Harry had come upon Greta driving a cab in early 1930s Berlin. Tidying up legal affairs for his far-sighted father who had moved the family from unfriendly Germany to New York, he had fallen in love with this sparky young girl who took no guff from strangers. His family protested the marriage. They referred to her forever after as “that wretched girl that Harry had plucked from the gutter.” Neither forgiving nor forgetting, Greta attended to her husband’s every happiness.
“With such good fortune as ours,” Mr. Morgenstern said, “we would be remiss not to help.”

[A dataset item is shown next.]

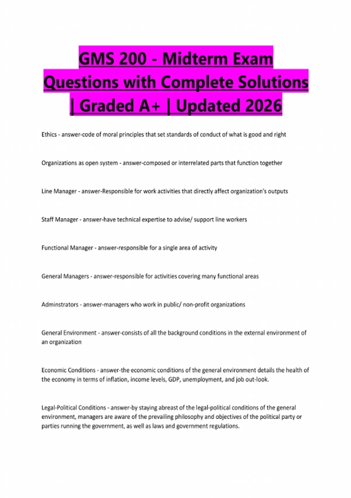 GMS 200 - Midterm Exam Questions with Complete Solutions | Graded A+ | Updated 2026 Ethics - answer-code of moral principles that set standards of conduct of what is good and right Organizations as open system - answer-composed or interrelated parts that function together Line Manager - answer-Responsible for work activities that directly affect organization's outputs Staff Manager - answer-have technical expertise to advise/ support line workers Functional Manager - answer-responsible for a single area of activity General Managers - answer-responsible for activities covering many functional areas Adminstrators - answer-managers who work in public/ non-profit organizations General Environment - answer-consists of all the background conditions in the external environment of an organization Economic Conditions - answer-the economic conditions of the general environment details the health of the economy in terms of inflation, income levels, GDP, unemployment, and job out-look. Legal-Political Conditions - answer-by staying abreast of the legal-political conditions of the general environment, managers are aware of the prevailing philosophy and objectives of the political party or parties running the government, as well as laws and government regulations.Internet Censorship - answer-is the deliberate blockage and denial of public access to information posted on the Internet Technological Conditions - answer-with the development and availability of new technologies in the general environment, managers need to constantly monitor how these advances affect the work being done by employees. Socio-cultural Conditions - answer-changes in the norms, customs, and social values on such matters as human rights, ethics, gender roles, and life styles, along with environmental trends in education and related social institutions, as well as demographic patterns all will affect how organizations are managed. Specific Environment - answer-consists of all the actual organizations, groups, and persons with whom an organization interacts and conducts business. Stakeholders - answer-the persons, groups, and institutions who are affected by the organization's performance Competitive Advantage - answer-refers to a core competency that clearly sets and organization apart from competitors and gives it an advantage over them in the marketplace Cost - answer-operating with lower costs than one's competitors and thus earning profits with prices that competitors have difficulty matching Quality - answer-creating products and services that are demonstrably higher quality for customers than what is being offered by the competition Delivery - answer-outperforming competitors by delivering products and services to customers faster and on-time, while continuing to develop timely new products Flexibility - answer-adjusting and tailoring products and services to fit customer needs in ways that are difficult for competitors to matchStrategic Positioning - answer-occurs when an organization does different things or the same thing in different ways from its major competitors Environmental Uncertainty - answer-means that there is a lack of complete information regarding what exists and what developments may occur in the external environment Planning - answer-set performance objectives & deciding how to achieve them Organizing - answer-arranging tasks, people & other resources to accomplish the work Leading - answer-inspiring people to work hard to achieve high performance Controlling - answer-measuring performance & taking action to ensure desired results Human Skills - answer-ability to work well in cooperation with other people Technical Skills - answer-it is learned through education and then refined through training and experience Scientific Management - answer-principal object of management should be securing maximum prosperity for employer and employee ( how can things be done more efficiently) Division of Labour - answer-specialization of work Discipline - answer-rules that workers follow Unity of Command - answer-report to one boss in an organization Remuneration - answer-FairnessCentralization - answer-decisions are made from the top Equity - answer-Kind and fair Bureaucracy - answer-based on principles of logic, order, and legitimate authority Hawthorne Studies - answer-examined how economic incentives and physical conditions affected worker output Physiological Needs - answer-Food, water, warmth, rest Safety Needs - answer-Security and Safety Belongingness and love needs - answer-Intimate relationships, friends Esteem Needs - answer-prestige and feeling of accomplishment Self Actualization Needs - answer-achieving one's full potential, including creative activities Theory X - answer-assumes that workers: -dislike work -lack ambition -are irresponsible Theory Y - answer-assumes that workers: -willing to work -willing to accept responsibility -capable of self direction

Mrs. Morgenstern found herself outmanoeuvred and silenced in one lawyerly stroke.
The Morgensterns lived in a grand house with a large black-and-white foyer, its tall oak doors opening onto spacious rooms filled with French antiques, Persian carpets and Italian chandeliers. On business trips Harry would stay in the New York apartment he had inherited from his father. In May and September Mrs. Morgenstern would visit Sak’s Fifth Avenue. At Christmas they would go to see the glittering lights of the Rockefeller Center. On weekends, they might visit Carnegie Hall and the Guggenheim Museum.
“The apartment’s small, really just big enough for family,” Mrs. Morgenstern would tell friends never invited along.
Mr. Morgenstern confined himself to legal matters, leaving domestic affairs to his wife. Venturing an opinion now and then on schools or cooks, he would encounter a swift response. You may know business Harry, she would say, but I know people. He stayed out of her sphere. To this and the steady influx of money he attributed the success of his thirty year marriage.